Bjorn Helgaas Dec. 6, 2017, 10:47 p.m. UTC | #1
[+cc Dongdong]

On Wed, Dec 06, 2017 at 02:03:55PM +0000, David Laight wrote:
> If I perform the following:
> 1) echo 1 >/sys/devices/pcixxxx/xxx/remove
> 2) completely reset the PCIe endpoint
> 3) echo 1 >/sys/devices/pcixxxx/rescan
> I expect the endpoint to be reprobed (provided the BARs are compatible).

I expect that, too.  Even if the BARs are wrong (they should be
cleared by the reset), we should at least discover the device.

> However on a new motherboard (SkyLake) it looks as though the root bridge isn't
> trying to bring the PCIe link back up.
> (The same system disk works fine in a slighty older system.)
> 
> There are 2 bits different in the lspci output for the root port between
> the 'link up' and 'link down states':
> 
> --- link_up     2017-12-06 13:37:37.523661300 +0000
> +++ link_down   2017-12-06 13:37:37.509614300 +0000
> @@ -21,7 +21,7 @@
>                 DevCtl: Report errors: Correctable+ Non-Fatal+ Fatal+ Unsupported-
>                         RlxdOrd- ExtTag- PhantFunc- AuxPwr- NoSnoop-
>                         MaxPayload 128 bytes, MaxReadReq 128 bytes
> -               DevSta: CorrErr- UncorrErr- FatalErr- UnsuppReq- AuxPwr- TransPend-
> +               DevSta: CorrErr+ UncorrErr- FatalErr- UnsuppReq- AuxPwr- TransPend-
>                 LnkCap: Port #2, Speed 8GT/s, Width x8, ASPM L0s L1, Exit Latency L0s <256ns, L1 <8us
>                         ClockPM- Surprise- LLActRep- BwNot+ ASPMOptComp+
>                 LnkCtl: ASPM Disabled; RCB 64 bytes Disabled- CommClk+
> @@ -51,7 +51,7 @@
>                 VC0:    Caps:   PATOffset=00 MaxTimeSlots=1 RejSnoopTrans-
>                         Arb:    Fixed+ WRR32- WRR64- WRR128- TWRR128- WRR256-
>                         Ctrl:   Enable+ ID=0 ArbSelect=Fixed TC/VC=ff
> -                       Status: NegoPending- InProgress-
> +                       Status: NegoPending+ InProgress-
>         Capabilities: [140 v1] Root Complex Link
>                 Desc:   PortNumber=02 ComponentID=01 EltType=Config
>                 Link0:  Desc:   TargetPort=00 TargetComponent=01 AssocRCRB- LinkType=MemMapped LinkValid+
> 
> The first just looks like a notification that there has been an error.
> The last one might imply that it knows it needs to do something - but
> needs to be 'kicked'.

The second is in the Virtual Channel capability and is only relevant
after the Link is up.  I don't think it's involved in *bringing* the
Link up.

> I believe that the endpoint is flipping between the 'Detect Active' and 'Detect Quiet'
> states.

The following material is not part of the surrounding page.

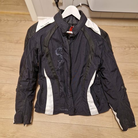 Sweep MC jakke for dame i størrelse 36. Kjøpt på Bullfighter.no. Beskyttelsesinnlegg i rygg, skulder og albueområdet. Egnet som kjørejakke til motorsykkel og scooter. Ingen skade, kun litt «skitten» her og der som kan vaskes bort. Selges til førstemann. Pris kan diskuteres

Which would imply that the root port isn't trying to establish the link.

I guess this refers to PCIe r3.1, sec 4.2.6.1.2, and Figure 4-23, the
"Detect Substate Machine".  I'm not a hardware person, so still
doesn't help me much :)  Out of curiosity, do you have an analyzer or
other visibility into what the Endpoint is doing?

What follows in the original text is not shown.